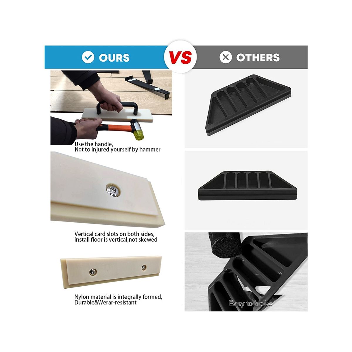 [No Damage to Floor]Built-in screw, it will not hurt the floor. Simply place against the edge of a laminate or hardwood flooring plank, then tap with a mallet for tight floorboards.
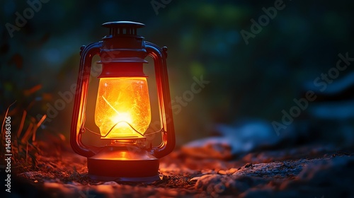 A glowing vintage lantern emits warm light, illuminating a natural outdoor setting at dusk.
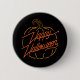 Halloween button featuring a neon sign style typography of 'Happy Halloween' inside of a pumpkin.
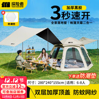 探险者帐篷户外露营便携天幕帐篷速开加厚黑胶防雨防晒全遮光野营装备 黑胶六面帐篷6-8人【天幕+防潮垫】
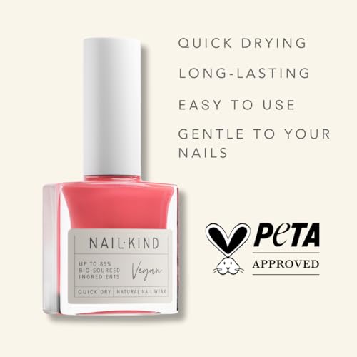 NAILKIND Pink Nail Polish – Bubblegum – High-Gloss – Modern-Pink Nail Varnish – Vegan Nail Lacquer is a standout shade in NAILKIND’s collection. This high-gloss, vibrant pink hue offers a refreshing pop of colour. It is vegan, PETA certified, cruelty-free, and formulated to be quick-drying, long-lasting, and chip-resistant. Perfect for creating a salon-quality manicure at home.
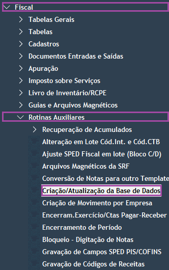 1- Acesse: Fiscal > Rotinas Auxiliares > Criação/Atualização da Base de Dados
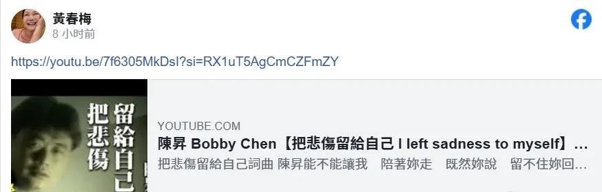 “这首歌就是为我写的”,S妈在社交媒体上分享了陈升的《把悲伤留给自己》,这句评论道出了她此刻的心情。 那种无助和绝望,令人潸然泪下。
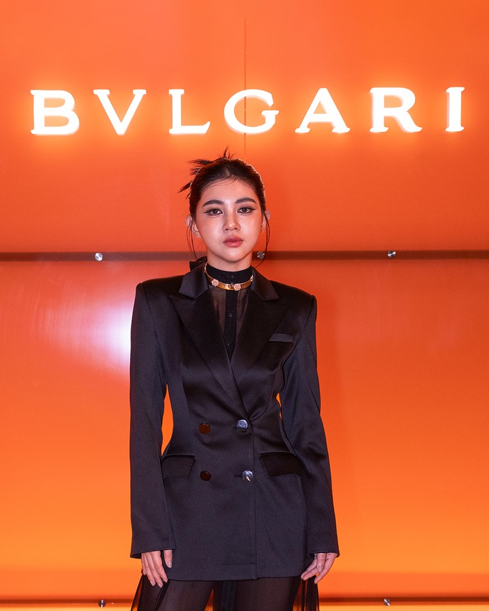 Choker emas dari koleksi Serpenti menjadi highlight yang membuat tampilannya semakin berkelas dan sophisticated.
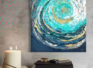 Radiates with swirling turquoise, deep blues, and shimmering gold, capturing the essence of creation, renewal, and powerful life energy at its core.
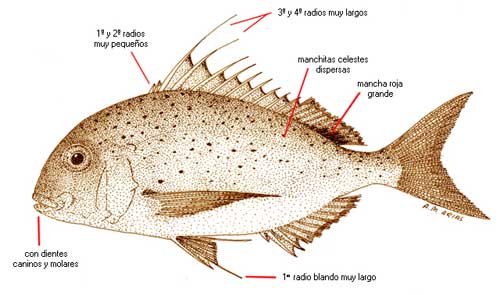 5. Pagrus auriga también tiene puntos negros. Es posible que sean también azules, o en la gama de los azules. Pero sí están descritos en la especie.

Brief: Line by line, print the records above exactly, skipping each picture.

Exercise solution:
 [No Damage to Floor]Built-in screw, it will not hurt the floor. Simply place against the edge of a laminate or hardwood flooring plank, then tap with a mallet for tight floorboards.
 A glowing vintage lantern emits warm light, illuminating a natural outdoor setting at dusk.
 Halloween button featuring a neon sign style typography of 'Happy Halloween' inside of a pumpkin.
 探险者帐篷户外露营便携天幕帐篷速开加厚黑胶防雨防晒全遮光野营装备 黑胶六面帐篷6-8人【天幕+防潮垫】
 NAILKIND Pink Nail Polish – Bubblegum – High-Gloss – Modern-Pink Nail Varnish – Vegan Nail Lacquer is a standout shade in NAILKIND’s collection. This high-gloss, vibrant pink hue offers a refreshing pop of colour. It is vegan, PETA certified, cruelty-free, and formulated to be quick-drying, long-lasting, and chip-resistant. Perfect for creating a salon-quality manicure at home.
 1- Acesse: Fiscal > Rotinas Auxiliares > Criação/Atualização da Base de Dados
 “这首歌就是为我写的”,S妈在社交媒体上分享了陈升的《把悲伤留给自己》,这句评论道出了她此刻的心情。 那种无助和绝望,令人潸然泪下。
 Choker emas dari koleksi Serpenti menjadi highlight yang membuat tampilannya semakin berkelas dan sophisticated.
 Radiates with swirling turquoise, deep blues, and shimmering gold, capturing the essence of creation, renewal, and powerful life energy at its core.
 5. Pagrus auriga también tiene puntos negros. Es posible que sean también azules, o en la gama de los azules. Pero sí están descritos en la especie.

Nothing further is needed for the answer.